Since getting off Remeron I’ve been able to be awake for a normal amount of the day (still getting down the timing of that, current routine is to wake up at 2-4pm and stay up till 4-5am), but my anxiety’s through the roof, which I can mostly tell because I’ve been drinking more to cope with it. I’m still not going back on Remeron because of the side effects, but maybe another tetracyclic antidepressant would work? I don’t see my psychiatrist for another three weeks. It’s gonna be a long haul.

Sleep problems I can definitely talk about. A solution I had personally was opiods (klonopin) before bed in that it did exactly what it said it would and made anxiety go away enough to sleep, but obviously that’s not a long term solution. I also used over-the-counter medicines and the most common one you build up a tolerance to. I eventually took enough to notice delayed reaction times, but I was lucky enough to just be 100% home for that time so it was just an “experience.” Best actual solution is probably to tire yourself out physically, the body will fall into a routine if you force it. Long walks, jogs, bike rides, whatever you’re comfortable with are good at forcing myself into a schedule.
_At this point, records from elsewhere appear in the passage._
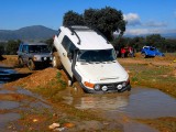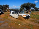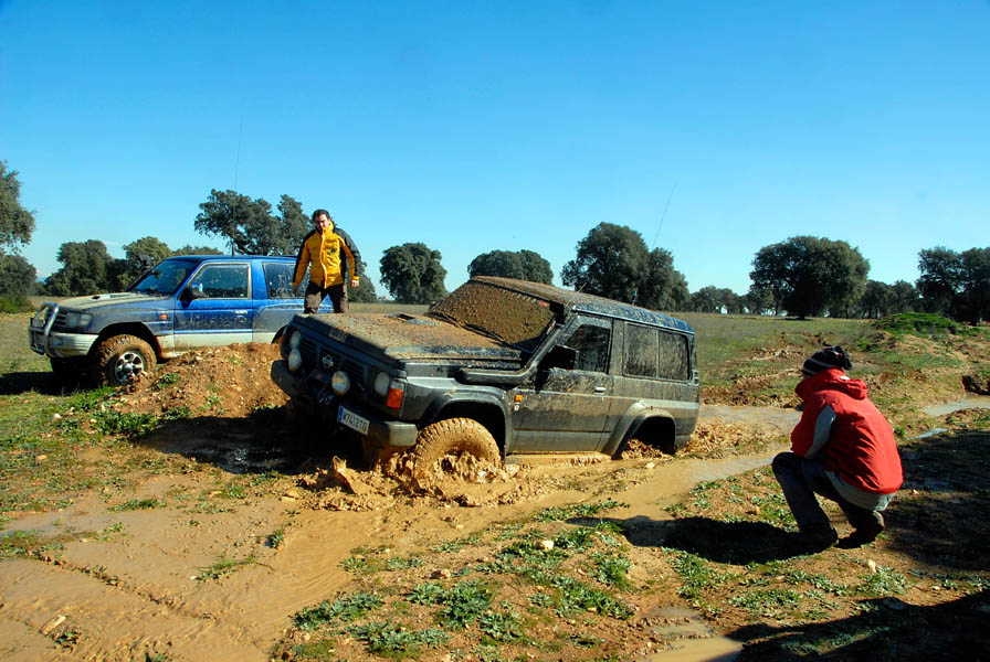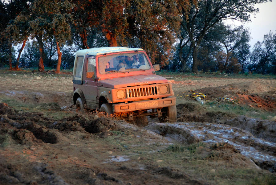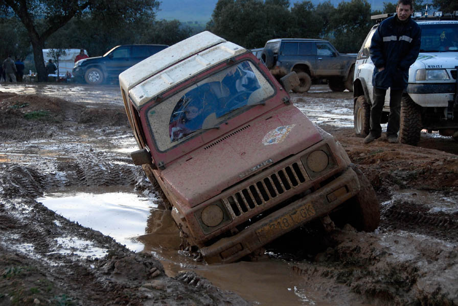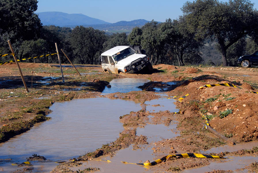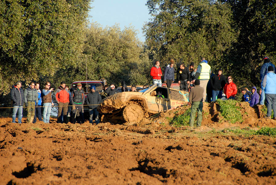 Limitada la movilidad por el interior de la finca, el ambiente en los alrededores del circuito era espectacular, tanto por la cantidad de coches que en todo momento atacaban las zonas, como por la cantidad de espectadores que seguían las evoluciones de estos. El agua que llenaba las pozas por la mañana, se fue convirtiendo, según pasaban las horas en un barro que terminó por cubrir todo el circuito y sus aledaños, proporcionando una nueva “zona” que consistía sencillamente en ser capaz de atravesar el “patatal” en que en buena parte, se había convertido aquello y que provocó la toma de un buen puñado de fotos por parte de todos los asistentes.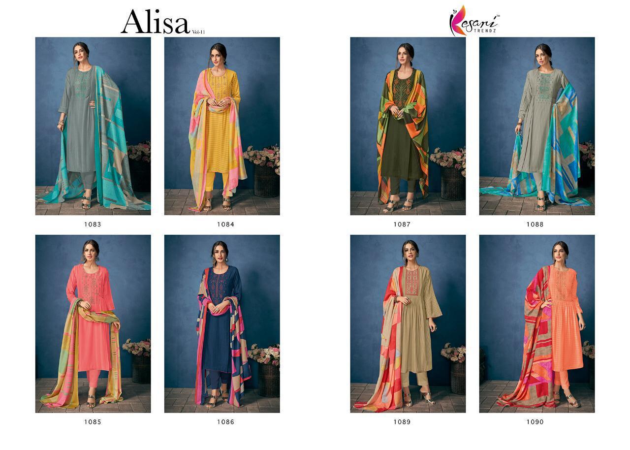 Buy Online Alisa Vol 11 By Kesari Trendz Masline Silk Embroidered Suits Wholesale Supplier And Dealer Surat 8 Pcs of Full Catalogue at Wholesale Price. Looking for Alisa Vol 11 By Kesari Trendz Masline Silk Embroidered Suits Wholesale Supplier And Dealer Surat Full Catalouge at Best Price? Buy Now Alisa Vol 11 By Kesari Trendz Masline Silk Embroidered Suits Wholesale Supplier And Dealer Surat at Wholesale Rate of Rs 5120 with Total 8 Pcs from authroized dealer and supplier of KESARI TRENDZ Brand. Cost of Each piece is just only Rs 640 which is very low and affordable price to resale the product in your retail store ,This is Surat based Wholesale Supplier & Dealer of KESARI TRENDZ Brand. Click on Brand name to Know more about KESARI TRENDZ Brand's products.Call or Whatsapp on 9898838984 for booking or enquiry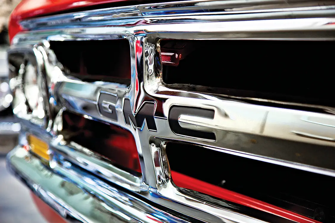 Next, Pony contacted metal master Bob Grant of Grant Kustoms to provide the finishing touches. Bob produced custom front and rear roll pans with built-in flush bumpers, and a smoothed tailgate, with “GMC” stamped in the center, sporting 1984 Buick LeSabre taillights was the custom coup de grace. The Buick lights mimic the shape of the factory versions, but they’re larger and provide a custom touch that only those in the know will pick up on.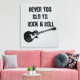Rock musik är tidlöst vare sig du är ung eller gammal. Denna högkvalitativa poster har en klassisk gitarr med utsliten text. Budskapet är enkelt. Låt aldrig er ålder hålla er tillbaka från kärlek i rock musik.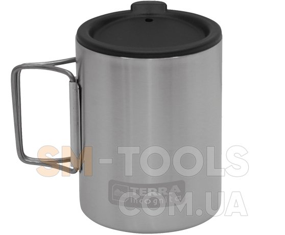 Термокружка туристическая с крышкой и складными ручками. Изготовлена из 100% нержавеющей стали. Конструкция с двойными стенками и вакуумной изоляцией между стенками, а также удобной крышкой позволяет длительное время сохранять температуру напитка.

Actually Klonopin is a benzodiazapine, which I have a bad history with. I don’t think I need chemical help getting my sleep schedule down anyway. Just gotta stay up all night and all day once and start falling asleep at 8 or 9 again. Tried to do that two nights ago but I forgot to take my meds the next morning which kept me up at night.

My anxiety is at it worst when I try to fall asleep. It doesn’t usually keep me awake, but it sucks hard core.